[Data entries]
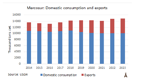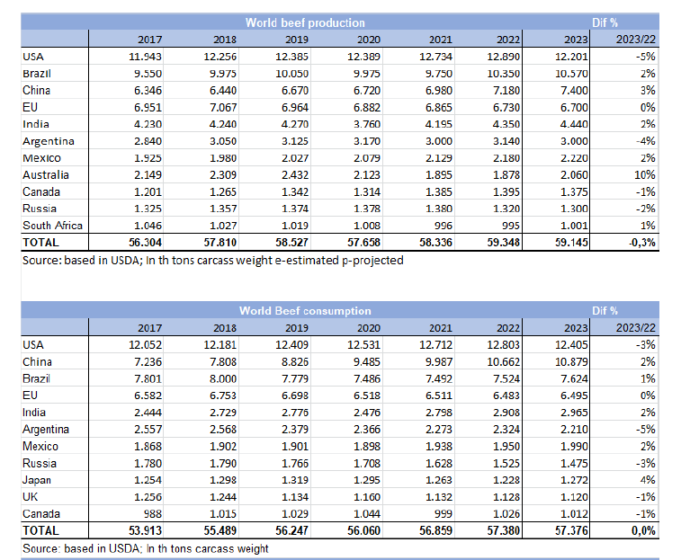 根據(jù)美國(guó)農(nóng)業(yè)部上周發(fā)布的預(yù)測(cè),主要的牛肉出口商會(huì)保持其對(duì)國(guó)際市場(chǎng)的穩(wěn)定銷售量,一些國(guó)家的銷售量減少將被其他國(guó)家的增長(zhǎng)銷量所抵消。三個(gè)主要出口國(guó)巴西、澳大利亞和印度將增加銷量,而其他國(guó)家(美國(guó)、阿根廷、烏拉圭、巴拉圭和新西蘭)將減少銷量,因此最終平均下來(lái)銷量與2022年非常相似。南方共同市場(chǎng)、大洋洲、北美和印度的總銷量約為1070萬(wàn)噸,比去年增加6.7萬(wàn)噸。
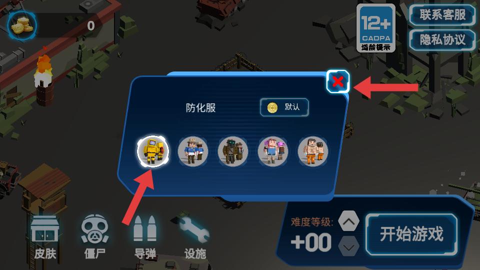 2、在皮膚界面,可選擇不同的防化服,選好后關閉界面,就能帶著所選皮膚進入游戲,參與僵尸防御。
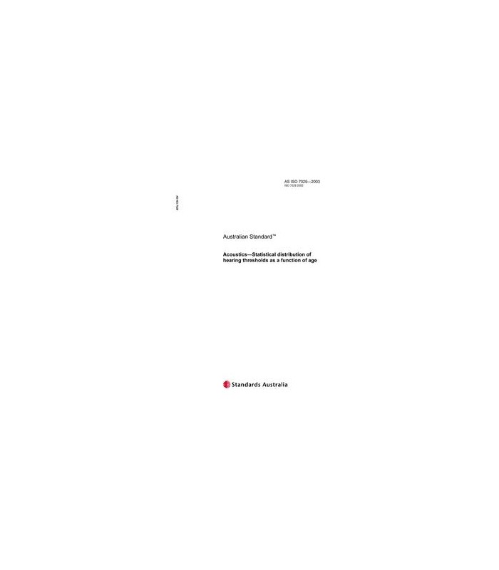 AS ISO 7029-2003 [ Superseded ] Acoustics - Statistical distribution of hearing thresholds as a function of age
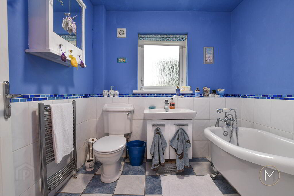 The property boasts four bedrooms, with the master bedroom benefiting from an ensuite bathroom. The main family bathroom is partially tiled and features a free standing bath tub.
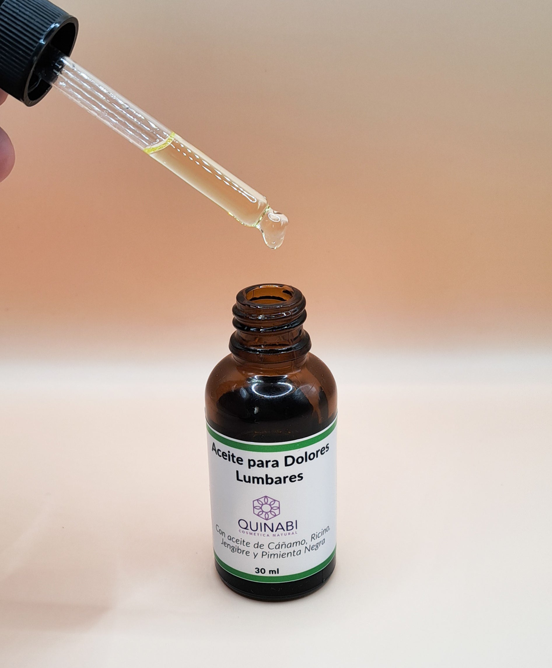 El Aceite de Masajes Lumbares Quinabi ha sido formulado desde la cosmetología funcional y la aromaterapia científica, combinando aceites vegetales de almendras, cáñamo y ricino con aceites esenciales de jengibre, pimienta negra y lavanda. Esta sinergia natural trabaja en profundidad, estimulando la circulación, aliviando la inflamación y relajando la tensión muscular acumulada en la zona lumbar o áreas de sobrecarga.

• _Exercise details_: Without altering anything, output all the lines above but none of the images.

• _Exercise response_:
 根據(jù)美國(guó)農(nóng)業(yè)部上周發(fā)布的預(yù)測(cè),主要的牛肉出口商會(huì)保持其對(duì)國(guó)際市場(chǎng)的穩(wěn)定銷售量,一些國(guó)家的銷售量減少將被其他國(guó)家的增長(zhǎng)銷量所抵消。三個(gè)主要出口國(guó)巴西、澳大利亞和印度將增加銷量,而其他國(guó)家(美國(guó)、阿根廷、烏拉圭、巴拉圭和新西蘭)將減少銷量,因此最終平均下來(lái)銷量與2022年非常相似。南方共同市場(chǎng)、大洋洲、北美和印度的總銷量約為1070萬(wàn)噸,比去年增加6.7萬(wàn)噸。
 2、在皮膚界面,可選擇不同的防化服,選好后關閉界面,就能帶著所選皮膚進入游戲,參與僵尸防御。
 AS ISO 7029-2003 [ Superseded ] Acoustics - Statistical distribution of hearing thresholds as a function of age
 The property boasts four bedrooms, with the master bedroom benefiting from an ensuite bathroom. The main family bathroom is partially tiled and features a free standing bath tub.
 El Aceite de Masajes Lumbares Quinabi ha sido formulado desde la cosmetología funcional y la aromaterapia científica, combinando aceites vegetales de almendras, cáñamo y ricino con aceites esenciales de jengibre, pimienta negra y lavanda. Esta sinergia natural trabaja en profundidad, estimulando la circulación, aliviando la inflamación y relajando la tensión muscular acumulada en la zona lumbar o áreas de sobrecarga.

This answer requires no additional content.